Настало здравомыслие, в котором мы ощутили, что нам нужна опять «стена» и внутри ее – загон[162].
Концепция Российской империи как некоего ЗАГОНА, с жесткой иронией сформулированная Лесковым, стала как нельзя более актуальна с введением при Сталине «железного занавеса», когда насмехались над лучшими порядками и стали внушать, что дурное хорошо, а хорошее дурно и что все свое априорно лучше, чем чужое. И совершенно закономерно, что был создан новый творческий эквивалент лесковского «Загона». Им оказался гениальный рассказ Андрея Платонова «Епифанские шлюзы».
Обратившись к обстоятельствам и документам Петровской эпохи, Андрей Платонов остановился на материалах о строительстве шлюзов, которые должны были соединить Волгу и Оку.
Неимоверные усилия, которые были затрачены британским инженером Бертраном Перри, руководившим возведением шлюзов, оказались совершенно напрасными:
Вечное посмешище установили, великие тяготы народные расточили[163].
Принесенные жертвы оказались не нужны. Причем епифанские бабы, в отличие от опытного, но вместе с тем наивного британского инженера, об этом заранее уже знали:
А что воды мало будет и плавать нельзя, про то все бабы еще год назад знали.

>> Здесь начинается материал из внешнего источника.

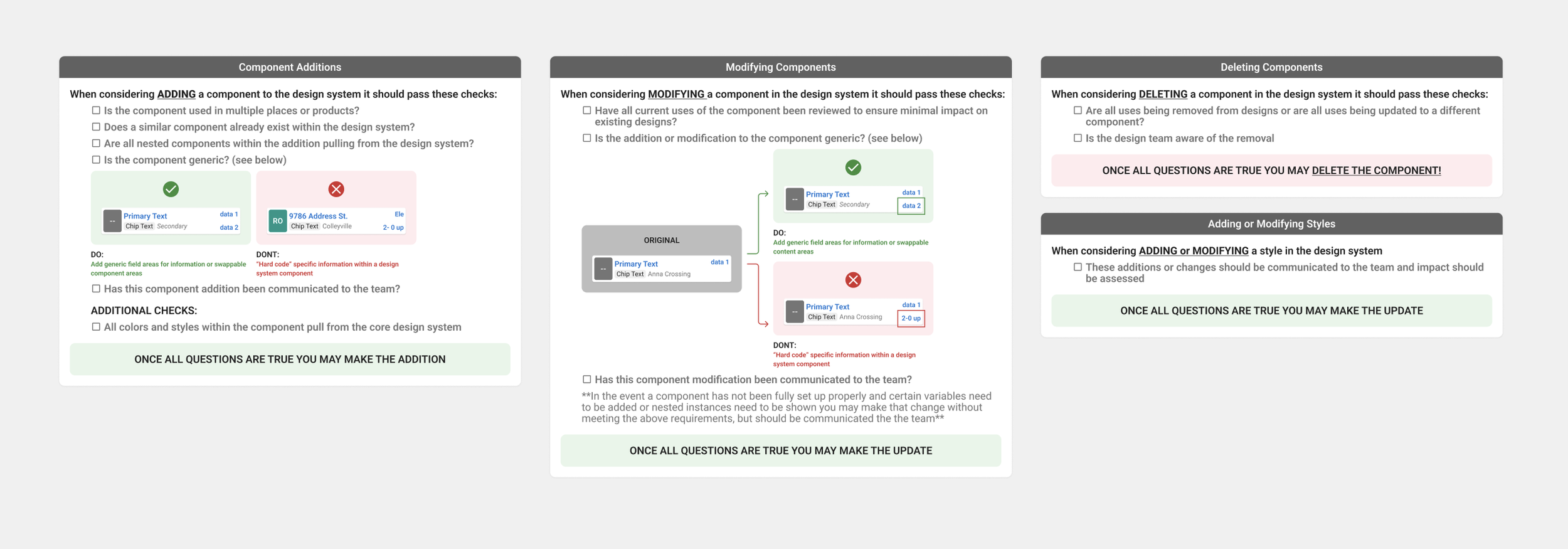 Having established the design system I formalized the process for making design system contributions. As I was the team’s informal design system manager, I installed the process including a checklist enabling all of the design team members to contribute to the design system so long as it followed the defined rules and funneled through the proper channel.

Поэтому и на работу все жители глядели как на царскую игру и иноземную затею[164].
В самом деле, по выстроенному каналу, как подчеркивает автор, могла проплыть разве что лодка, да и то не везде:
Через неделю все водные ходы были, и Трузсон (французский генерал на русской службе, прибывший по приказу царя Петра инспектировать шлюзы. – Е.К.) посчитал, что и лодка не везде пройти может, а в иных местах аж и плота вода не подымет. А царь приказал глубину устроить, чтобы десятипушечным кораблям безопасно по ней плавать можно было[165].

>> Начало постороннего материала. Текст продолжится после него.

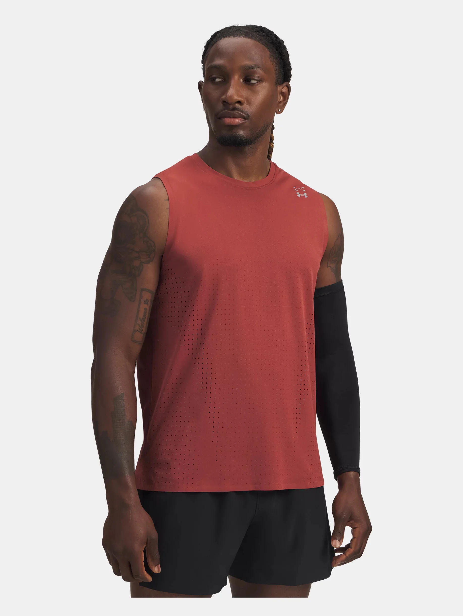 The Halo State:where form and function fall into lock step. Our new collection of gear is made in perfect synergy. A sleeveless top engineered to be crazy breathable with a design that keeps you light and focused through every rep. Product Details - Sport Activity Recommendation: HIIT, Interval Training, High Intensity Workouts, Lifting - Weather Conditions: Warm temperatures - Lightweight knit fabric is soft & comfortable - Body-mapped, open hole perforation for ventilation where you need it most - Material wicks sweat & dries really fast - 4-way stretch material moves better in every direction - Dropped armholes for full range of motion - Main body fabric contains at least 80% recycled polyester, excluding trims & embellishments Size & Fit - Streamlined fit that's not too tight or too loose. Space & Care - Style #: 6007090 - Reflective logos - 85% Polyester/15% Elastane - Imported - Machine wash cold with like colors - Do not bleach - Tumble dry low - Do not iron - Do not use softeners - Do not dry clean

А вот сам Бертран Перри причину неудачи со шлюзами предпочитал видеть отнюдь не в самой Епифани, а в себе, в своих неверных технических расчетах, ну и, может быть, еще в климате, но никак не в Епифани как некоей косной субстанции:
Страх и сомнение ужалили гордость Перри, когда он возвращался в Епифань. Петербургские прожекты не посчитались с местными натуральными обстоятельствами, а особо с засухами, которые в сих местах нередки. А выходило, что в сухое лето как раз каналам воды не хватит и водный путь обратится в песчаную сухопутную дорогу.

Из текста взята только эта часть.